Cursive
Vitriola


4.0
excellent

Review

by Channing Freeman STAFF
October 6th, 2018 | 226 replies


Release Date: 2018 | Tracklist

Review Summary: Don't wanna live in the now. Don't wanna know what I know.

Cursive have had a long and strange existence. Domestica, while an important and influential indie album, did not portend great success for the band. Ugly and sometimes even unpleasant, full of sharp corners and shitty people, any catchiness present seemed more like a cruel joke, a jolt of false hope in a hopeless situation. Bands who write music like that don’t get popular. And that band didn’t, because their breakout success, The Ugly Organ, sounded completely different from Domestica. Happy Hollow, in turn, sounded mostly different from The Ugly Organ. And so on for 20 years, for an entire career.

Until now, that is. Vitriola hearkens back to The Ugly Organ days, bringing back not only the famous cello but all the original band members to boot. It’s not exactly the same, but there are definite parallels. The cello is an obvious one, but others are subtler. The vibe is certainly similar, but most of all, that sneaking suspicion that I used to have while listening to Cursive has returned: I think that Tim Kasher is eternally waking up to the realization that no one gives a shit about him or his music. It doesn’t matter if the realization is true or not. This goes all the way back to “Some Red-Handed Sleight of Hand”, “Art is Hard”, and above all, “What Have I Done?”. He has always written about writing, and he has always chastised himself for doing it, usually in the same song. But he was never just writing about the physical process of writing; he was writing about the effects of writing, of putting your words into the world and watching as they return – or more likely, don’t return – in a way that edifies and illuminates and justifies the time you spent doing it. In "Ouroboros", he is the snake eating its tail, finding out that at the end of the stick, there's just a single fucking carrot.

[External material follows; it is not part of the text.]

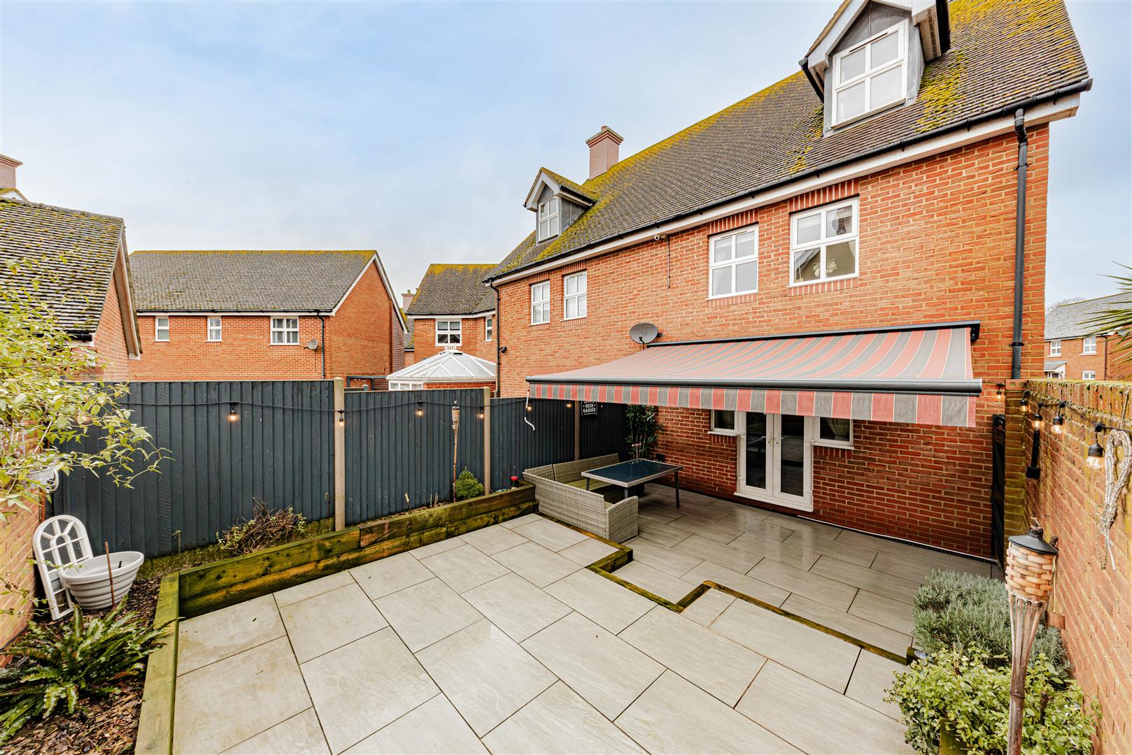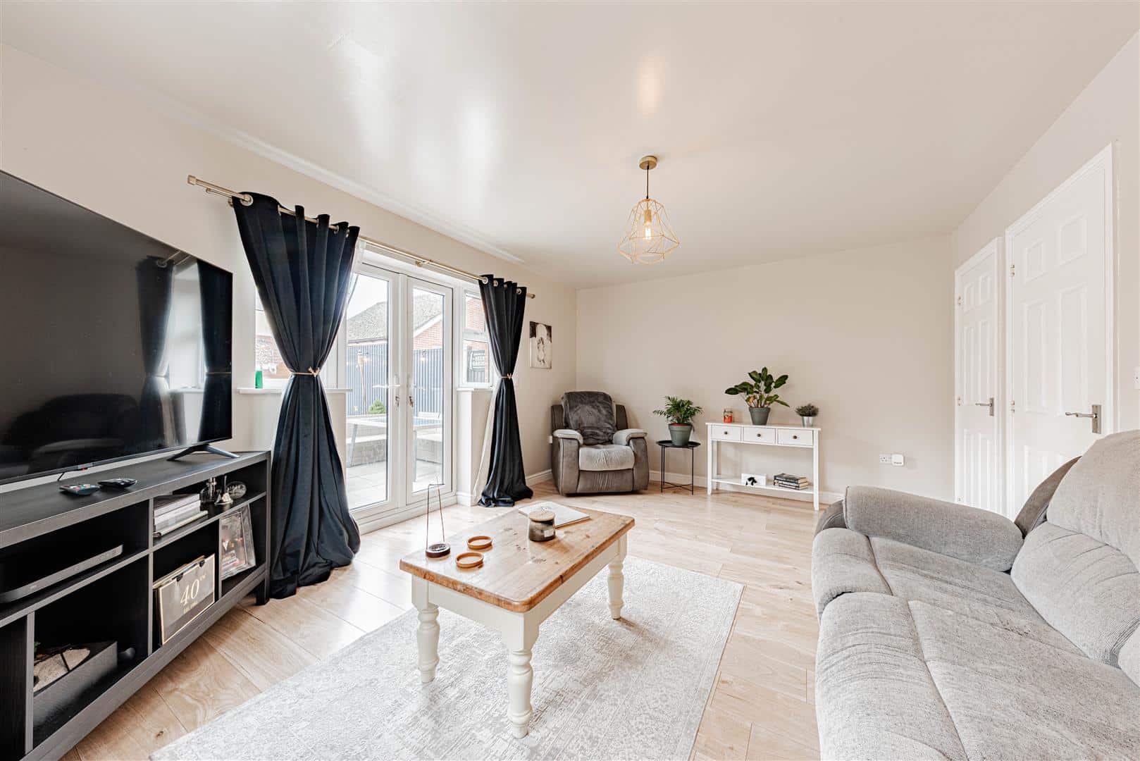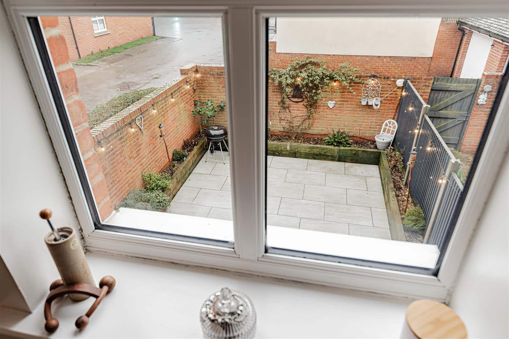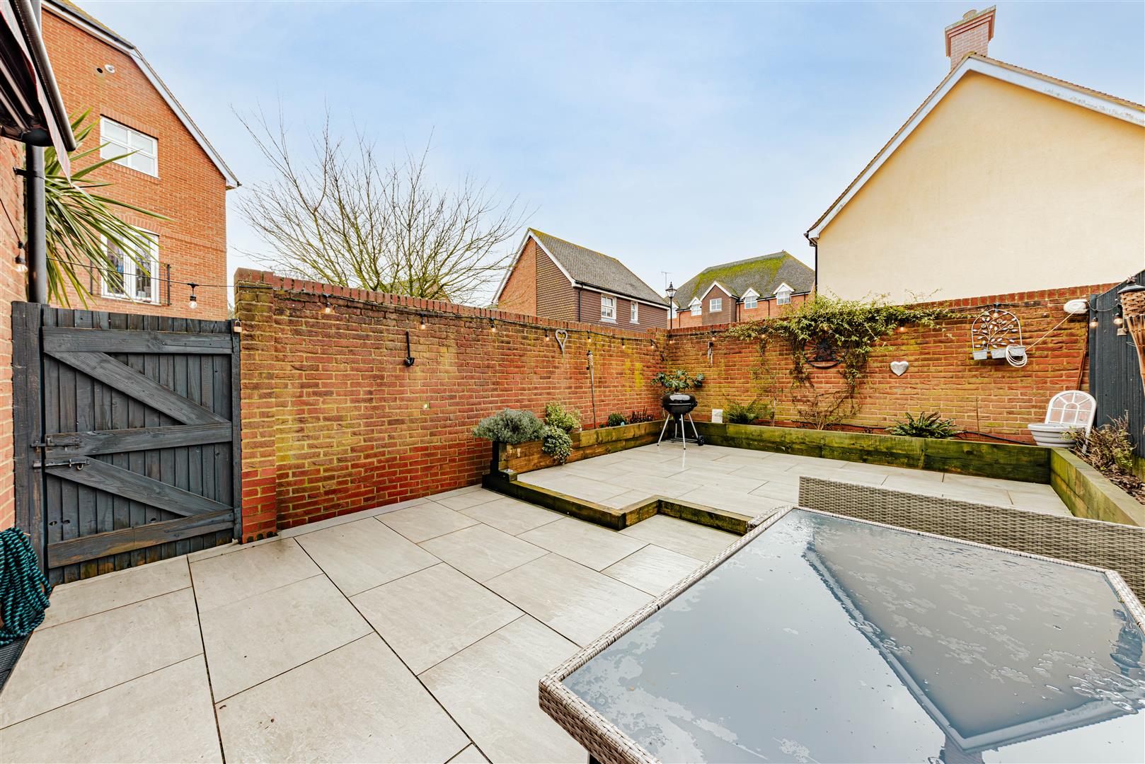 Upon entering the property, you are welcomed into a contemporary kitchen that is both stylish and practical, featuring integrated appliances and space for a dining table. To the rear, a bright and spacious lounge features patio doors that open onto a sunny, low-maintenance garden. The garden is fully paved, attractively edged with wooden planters, and includes an electric awning, making it an ideal space for family life and entertaining.

Vitriola rejects music as a positive force. The world, which Kasher once called a placenta in “Let Me Up”, is now a “turd” in need of polishing, an inherently repulsive object that can only be improved in a way that hides its true nature. “Pick up the pieces, give a fuck,” he sings, but the dour music underscores the defeat and desperation in his voice, and his phrasing recalls an earlier lyric: “There was a big bang once, we were left to fill in the blanks.” This album finds Kasher engaging with capitalism in a way not heard since “Dorothy at Forty”, but while that song pointed out the excesses of the stereotypical American dream, songs like “Under the Rainbow” lament the deletion of that dream from our lives. Maybe it was always futile, but at least it was something to work toward. Now, “the 1% lives in high rises, blocking out the sun,” and we are left with “no God, no gold, nowhere to go.” “Remorse”, with its dreamy piano, is the prettiest song on the album – maybe the only one that could be called pretty – but even that one ends with what sounds like the piano strings being cut.

“There’s no future, only money. No me and you, only money.” All this shit adds up, and by the time “Noble Soldier/Dystopian Lament” rolls around to put the album out of its misery, our protagonist has given up. He sings of all the things he used to do and care about, all the things that just don’t matter anymore. All those stabbing guitar chords couldn’t poke enough holes into the ballooning despair that threatens to swallow the world. Vitriola has the perfect name, suggesting a hate-spewing gramophone, grinding records into dust. There is no joyful anthem at the end, no “Staying Alive”. All this record can offer is solidarity to the hopeless and a dwindling expectation that the jagged teeth of the ugly organ won’t cut too deeply.

Oh, and some dubious advice: “Don’t lose your head. You can’t afford to lose that.”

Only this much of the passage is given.